A mobile security research company called Lookout has discovered a new kind of Android adware that is extremely powerful and equally dangerous. The firm has disclosed its findings in a blog post and things do not look pretty for a considerable percentage of Android users who have used third-party marketplaces recently.
The people behind the malware take a popular app, repackage a part of it with malicious code and then release it in a third-party marketplace where they can infect thousands of users at once. The apps look completely legitimate and in most cases they perform in almost the same level as the original apps. The researchers found more than 20,000 samples of infected apps so the adware can be found virtually everywhere.
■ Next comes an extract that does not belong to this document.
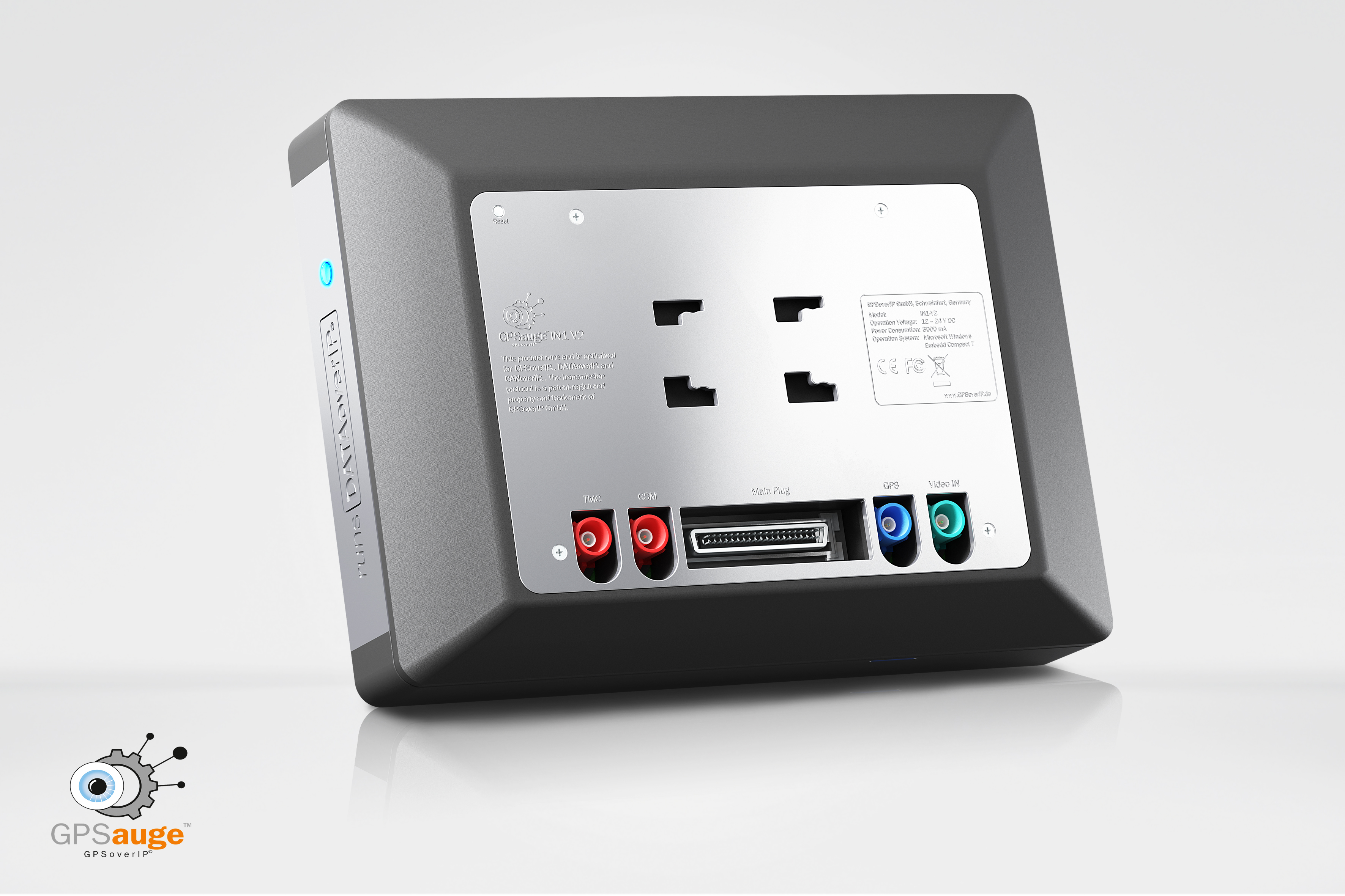 Das GPSaugeTM IN1 V.2 ist eine Highend-Telematikeinheit, entwickelt unter Berücksichtigung der harten Anforderungen im gewerblichen Einsatz. Es erfüllt die Anforderungen nach Schutzklasse IP64 und ist somit auch für die Verwendung unter rauen Umgebungsbedingungen, wie beispielsweise in Baumaschinen, bestens gerüstet. Alle Komponenten sind für eine lange Lebensdauer ausgewählt. Bei der Hardware-Architektur ging man bei dem neuen Model komplett eigene Wege und setzte das Ziel, dass beste am Markt verfügbare M2M-Gerät zu bauen. Im Inneren finden sich so nur die hochwertigsten Bauteile. Zur Schirmung von HF-Strahlungen dient der Gehäuse - Käfig aus Zinkguss.

It even exists in apps such as Twitter, Facebook and even a two-factor authentication app called Okta.
When the infected apps arrive in your system, they reconfigure themselves as system apps in order to get super-user permissions and gain access to pretty much everything in your system. Normally, Android apps are not allowed to read system files or go through passwords and the like but system apps have a far wider range of permissions so you can imagine what a malicious app can do with this kind of power. For now, the malware only bombards users with advertisements but they could easily be turned to serve other purposes if needed.
The researchers suggest that the attackers have created powerful malware that can infect your system in a variety of ways and even use multiple root exploits which can be tailored to specific devices. The worst part is that many of these exploits are publicly available as they are more commonly used by third-party developers in auto-rooting apps. Even though those apps ask the permission of users to do their thing, the exploits can easily be applied to a device without the user ever knowing about it.
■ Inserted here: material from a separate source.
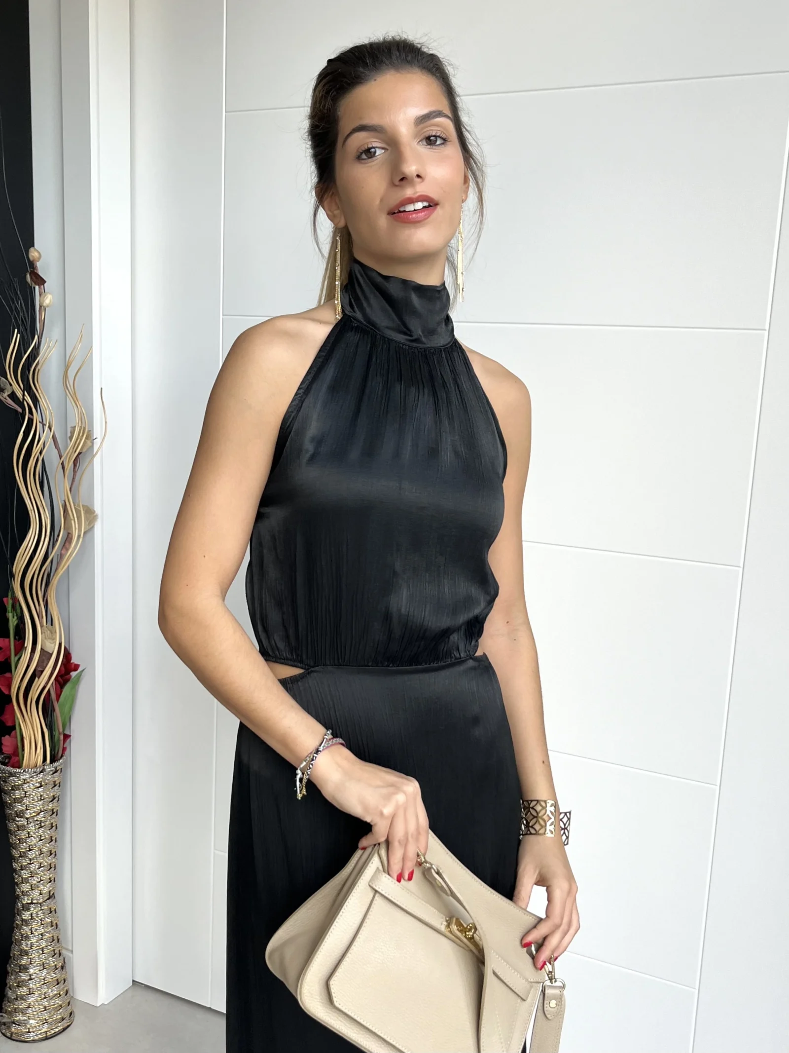 Vestido Midi Abertura Negro

The worst part of all this is that once the infected apps are inside your device, getting rid of them is not an easy process. Users who are familiar with ADB or flashing their phones can get rid of the infected system files or just start over but everyday users cannot do much as factory resets do nothing to solve the issue. Sticking to Google Play is the best possible solution as all of the infected apps come from third-party marketplaces so try to stay away from them for a while.